Undercover police officers in Egypt created fake profiles on gay dating apps to lure unsuspecting users into making incriminating statements, an investigation has found.
he technique was uncovered in transcripts of arrest reports which show that the authorities are targeting LGBTQ+ people for capture and imprisonment.
In one interaction on the WhosHere app, an officer asked a young man “Have you slept with men before?” to which the user replied “Yes”. The man was then pressurised to meet and subsequently arrested.
Homosexuality is not illegal in Egypt but gay people have long been charged with “debauchery” to criminalise their actions.

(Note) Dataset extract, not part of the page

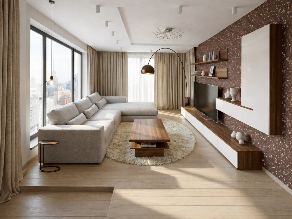 Большой угловой диван с лаконичными подлокотниками занимает значительную часть пространства, приглашая к отдыху. Его форма и расположение четко зонируют комнату, отделяя зону релаксации от проходной части. Панорамное окно слева (или его искусная имитация в виде фотопанно) наполнено деталями городского пейзажа, связывая интерьер с внешней средой. Чтобы грамотно объединить все эти элементы — от сложного освещения до авторской мебели — и получить гарантированно качественный результат, рекомендуется своевременно заказать дизайн проект квартиры, что позволит избежать ошибок на этапе реализации.

One user accused police of framing him by making a fake profile of him, doctoring his photographs to appear explicit and fabricating a conversation in which he appeared to offer sex work.
The man was sentenced to three months’ imprisonment for “habitual debauchery”, which was reduced to a month on appeal.
One foreign national was arrested, charged with “debauchery” and deported after using the gay dating app Grindr.
After an informant engaged the man in conversation on the site, a police transcript said that the user “admitted his perversion, his willingness to engage in debauchery, and sent pictures of himself”.
Grindr told the BBC: “We work extensively with Egyptian LGBT activists, international human rights advocates, and safety-focused technologists to best serve our users in the region.”
After the broadcaster approached WhosHere, the app changed its setting to remove the option to select “seeking same sex”, a criterion that had put users in Egypt at risk. The Egyptian police did not respond to a request for comment.
In 2020 Human Rights Watch said Egyptian security forces “routinely pick people off the streets based solely on their gender expression, entrap them through social networking sites and dating applications, and unlawfully search their phones”.
The group claimed LGBTQ+ Egyptians had been subjected to torture, beatings and sexual violence in police custody.